Comme le précise Europe 1, deux autres ministres, Gérard Collomb et Jean-Yves Le Drian, partagent cette vision. "S’il y a des prisonniers en Irak, les choses sont simples : c’est aux autorités judiciaires irakiennes de traiter la situation des hommes et des femmes combattants", avait déclaré le ministre de l'Europe et des Affaires étrangères en novembre. Ce dernier a cependant affirmé que dans l'éventualité d'une condamnation à mort en Irak, les jihadistes français auraient accès à une "protection consulaire", précise L'Express

"Il doit y avoir des différences d'approches liées à leurs fonctions respectives", réagit Didier Billion, directeur adjoint de l'Institut de relations internationales et stratégiques (Iris) et spécialiste du Moyen-Orient. Sur la question des jihadistes français, "la ministre des Armées ne peut pas réagir comme la garde des Sceaux", au risque de créer "des couacs" de communication, poursuit le chercheur. "En tant que ministre de la Justice, je ne peux dire autre chose que mon attachement aux règles du procès équitable", a d'ailleurs insisté Nicole Belloubet dimanche. 

Des moyens de pression limités face à l'Irak et la Syrie 

Au-delà des positions divergeantes au sein du gouvernement, la France peut-elle vraiment faire pression sur l'Irak et la Syrie ? Le procureur de Paris, François Molins, a récemment rappelé que l'Irak avait "un gouvernement légitime", et avait ainsi "tout à fait le droit de décider" de juger des jihadistes étrangers "lui-même", ou "de les remettre" à leur Etat, note Le Parisien

Auprès de l'Irak, "la République française peut réaffirmer le principe qu'elle est contre la peine de mort, précise Didier Billion. Mais cela aura, à mon avis, peu d'effet d'un point de vue juridique. La France n'a pas à intervenir dans le cours de la justice irakienne ou syrienne." "A quoi bon intervenir ? abonde Wassim Nasr. Quand le gouvernement irakien demandera quelque chose à la France, et que la France refusera, il pourrait très bien décider d'exécuter ces prisonniers français." 
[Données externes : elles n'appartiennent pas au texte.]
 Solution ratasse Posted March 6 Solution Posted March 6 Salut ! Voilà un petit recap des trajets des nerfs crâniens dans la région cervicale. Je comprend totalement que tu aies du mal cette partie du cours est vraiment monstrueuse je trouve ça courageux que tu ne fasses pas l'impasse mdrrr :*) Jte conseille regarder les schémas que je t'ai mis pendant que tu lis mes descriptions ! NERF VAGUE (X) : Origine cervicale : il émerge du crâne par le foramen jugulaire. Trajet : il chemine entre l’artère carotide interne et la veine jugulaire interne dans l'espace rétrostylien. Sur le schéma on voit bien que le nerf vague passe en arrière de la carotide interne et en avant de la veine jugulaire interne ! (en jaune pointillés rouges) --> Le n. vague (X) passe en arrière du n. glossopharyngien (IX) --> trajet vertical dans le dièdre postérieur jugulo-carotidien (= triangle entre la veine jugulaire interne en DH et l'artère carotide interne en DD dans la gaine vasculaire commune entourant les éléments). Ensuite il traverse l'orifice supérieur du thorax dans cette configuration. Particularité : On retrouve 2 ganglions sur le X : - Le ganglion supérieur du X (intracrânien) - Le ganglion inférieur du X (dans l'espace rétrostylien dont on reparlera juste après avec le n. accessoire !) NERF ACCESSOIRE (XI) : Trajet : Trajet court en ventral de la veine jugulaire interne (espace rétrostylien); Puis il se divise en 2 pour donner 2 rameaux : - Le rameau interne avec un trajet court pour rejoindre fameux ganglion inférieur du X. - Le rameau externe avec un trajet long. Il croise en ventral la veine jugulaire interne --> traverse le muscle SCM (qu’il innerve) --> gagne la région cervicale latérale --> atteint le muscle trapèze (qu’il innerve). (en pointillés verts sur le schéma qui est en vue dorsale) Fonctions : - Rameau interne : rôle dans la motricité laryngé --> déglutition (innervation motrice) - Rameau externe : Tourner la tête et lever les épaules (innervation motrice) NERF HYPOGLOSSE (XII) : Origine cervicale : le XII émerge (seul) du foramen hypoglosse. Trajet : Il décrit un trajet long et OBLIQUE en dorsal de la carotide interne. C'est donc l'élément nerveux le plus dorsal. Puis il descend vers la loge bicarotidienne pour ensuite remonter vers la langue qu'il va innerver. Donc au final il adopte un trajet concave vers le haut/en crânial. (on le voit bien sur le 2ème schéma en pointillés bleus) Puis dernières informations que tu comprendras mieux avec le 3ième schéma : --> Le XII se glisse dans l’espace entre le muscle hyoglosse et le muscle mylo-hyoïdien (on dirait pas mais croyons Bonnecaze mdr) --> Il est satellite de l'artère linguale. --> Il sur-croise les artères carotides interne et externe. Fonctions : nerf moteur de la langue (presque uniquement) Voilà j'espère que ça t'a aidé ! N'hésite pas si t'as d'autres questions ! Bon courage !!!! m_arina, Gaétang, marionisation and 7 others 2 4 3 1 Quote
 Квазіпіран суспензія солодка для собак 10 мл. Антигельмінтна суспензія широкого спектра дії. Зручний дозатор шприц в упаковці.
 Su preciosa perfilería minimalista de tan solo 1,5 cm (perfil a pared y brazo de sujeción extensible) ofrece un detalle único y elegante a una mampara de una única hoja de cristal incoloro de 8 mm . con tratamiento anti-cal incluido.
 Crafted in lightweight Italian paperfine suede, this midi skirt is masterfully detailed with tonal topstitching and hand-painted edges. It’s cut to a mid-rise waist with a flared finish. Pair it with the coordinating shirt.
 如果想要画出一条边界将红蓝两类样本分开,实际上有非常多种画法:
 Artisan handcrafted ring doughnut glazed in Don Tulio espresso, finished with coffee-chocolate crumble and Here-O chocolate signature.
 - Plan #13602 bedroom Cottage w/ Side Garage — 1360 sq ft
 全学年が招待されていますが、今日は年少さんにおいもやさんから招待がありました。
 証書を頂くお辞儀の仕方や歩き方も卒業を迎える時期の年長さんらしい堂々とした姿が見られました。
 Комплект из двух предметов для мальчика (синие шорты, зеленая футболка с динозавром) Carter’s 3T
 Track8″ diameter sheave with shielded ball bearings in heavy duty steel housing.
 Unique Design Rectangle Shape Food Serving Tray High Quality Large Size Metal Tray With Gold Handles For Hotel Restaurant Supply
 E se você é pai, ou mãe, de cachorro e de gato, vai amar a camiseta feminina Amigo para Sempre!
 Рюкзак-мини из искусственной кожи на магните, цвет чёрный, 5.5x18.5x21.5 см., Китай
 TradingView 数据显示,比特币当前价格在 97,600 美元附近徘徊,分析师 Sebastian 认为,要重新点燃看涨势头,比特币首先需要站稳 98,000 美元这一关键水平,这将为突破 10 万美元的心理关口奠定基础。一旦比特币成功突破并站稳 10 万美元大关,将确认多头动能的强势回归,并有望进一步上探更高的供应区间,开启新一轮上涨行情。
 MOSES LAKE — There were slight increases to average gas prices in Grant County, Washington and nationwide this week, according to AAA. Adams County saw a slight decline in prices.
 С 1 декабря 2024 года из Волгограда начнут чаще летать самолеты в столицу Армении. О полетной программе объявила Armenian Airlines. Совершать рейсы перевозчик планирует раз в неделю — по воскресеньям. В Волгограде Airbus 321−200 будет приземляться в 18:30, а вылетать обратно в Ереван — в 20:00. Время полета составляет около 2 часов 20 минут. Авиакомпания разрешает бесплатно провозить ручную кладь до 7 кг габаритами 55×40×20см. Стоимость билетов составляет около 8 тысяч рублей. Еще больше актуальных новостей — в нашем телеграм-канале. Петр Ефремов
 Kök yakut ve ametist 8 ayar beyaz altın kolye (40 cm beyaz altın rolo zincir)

En revanche, les leviers d'intervention de la France en Syrie sont beaucoup plus incertains. Les forces détenant des jihadistes étrangers, à l'instar des kurdes des Unités de protection du peuple (YPG), "n'ont pas une autorité légitime", a rappelé François Molins. "La visibilité sur le Kurdistan irakien ne dépasse pas les six mois, alerte Wassim Nasr. Qui va garder ces jihadistes ? Et si le YPG décide de livrer des jihadistes à Damas, que fait-on ? C'est un vrai casse-tête." Et les Kurdes "ont tout intérêt à garder les jihadistes étrangers, poursuit Didier Billion. C'est un moyen de pression pour se faire reconnaître auprès de la communauté internationale. Les Kurdes de Syrie savent qu'ils ont une monnaie d'échange et ils vont faire monter les enchères."